Still more generally, if P(x) is a degree n polynomial with leading coefficient 1, then any symmetric polynomial in the roots of P(x)  can be written as a polynomial in the coefficients of P(x). This theorem was essentially known to Isaac Newton, who seems to have been the first to discover it. The proof is left to the reader (-:

The Quadratic Formula

20 Apr

Suppose that a, b and c are constants with ‘a’ nonzero. Consider the equation

\large ax^2 + bx + c = 0

It is well known that the values of ‘x’ satisfying this equation are given by the formula

\large x = \frac{-b \pm \sqrt{b^2 - 4ac}}{2a}

There is a subtlety in the case when the quantity under the square root is negative, because in this case the solutions are not real numbers. However, if the reader wishes to, he or she may assume the quantity under the square root to be real.

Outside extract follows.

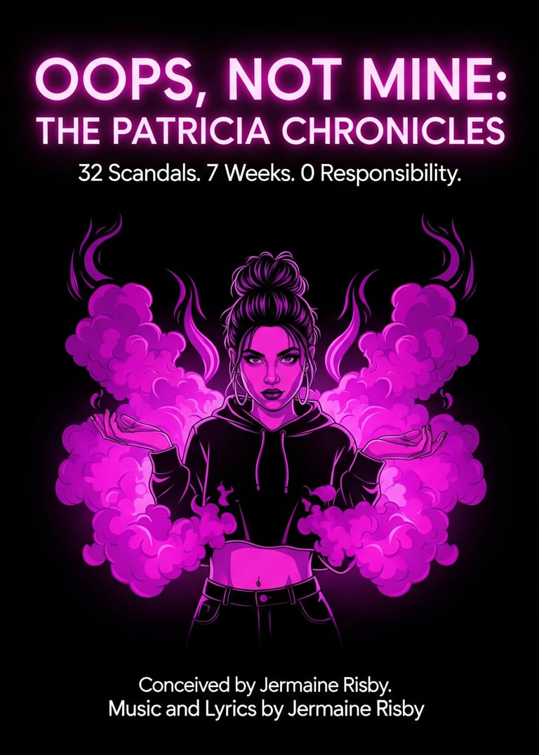 "Oops, Not Mine: The Patricia Chronicles" is a sharp-witted, neon-soaked musical satire that plays like a Sunday comic strip written by a disgruntled publicist. Inspired by the structural whimsy of You’re a Good Man, Charlie Brown and the cynical bite of Stephen Sondheim’s Company, the show is told through a series of punchy, fast-paced vignettes.

There are many ways to see why the quadratic formula given above is true, but the most conceptual one, which generalizes, is as follows.

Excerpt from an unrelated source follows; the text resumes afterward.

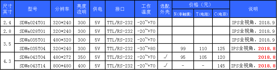 多款小尺寸IPS屏(2.4寸-4.3寸)將陸續量產

For simplicity, assume that ‘a’ is equal to 1. (If a is not equal to 1, we can divide the equation through by ‘a’ to get a new equation with ‘a’ equal to 1 without changing the values of x that satisfy the equation, though the values of ‘b’ and ‘c’ change). So consider the equation

\large x^2 + bx + c = 0

Let’s call the numbers that satisfy the equation ‘r’ and ‘s.’ Then the expression on the left can be written as

 \large (x - r)(x - s)

Multiplying this expression out, we get

 \large x^2 -(r + s)x + rs = 0

Comparing this with the form of the expression involving ‘b’ and ‘c’, we can conclude that

 \large -b = r + s \hspace{0.5 cm} c = rs

This gives expressions for ‘b’ and ‘c’ in terms of ‘r’ and ‘s.’ We want to express ‘r’ and ‘s’ in terms of ‘b’ and ‘c.’ The difficulty is that r + s and rs are symmetric, in the sense that they’re invariant when ‘r’ and ‘s’ are flipped, whereas ‘r’ and ‘s’ alone are not symmetric in this sense. So we somehow want to break the symmetry present in ‘b’ and ‘c.’ Well, if we square ‘b,’ we get

 \large b^2 = (r + s)^2 = r^2 + 2rs + s^2

 and subtracting ‘c’ from this four times gives the expression

 \large b^2 - 4c = r^2 - 2rs + s^2 = (r - s)^2

which is symmetric, but which is the square of something that’s not symmetric. So if we take its square root, then we get something that’s not symmetric. Taking the square root, we get

 \large \sqrt{b^2 - 4c} = r - s


 \large - \sqrt{b^2 - 4c} = s - r

each of which is permuted when r and s are permuted. (Note that we’ve just made an arbitrary choice as to which root is called ‘r’ and which root is called ‘s’.)

Having broken the symmetry, we can solve for r and s by adding

 \large -b = r + s

to each of the two preceding equations and dividing through by 2. This gives

 \large r = \frac{- b + \sqrt{b^2 - 4c}}{2}


 \large s = \frac{- b - \sqrt{b^2 - 4c}}{2}

which is the well known quadratic formula.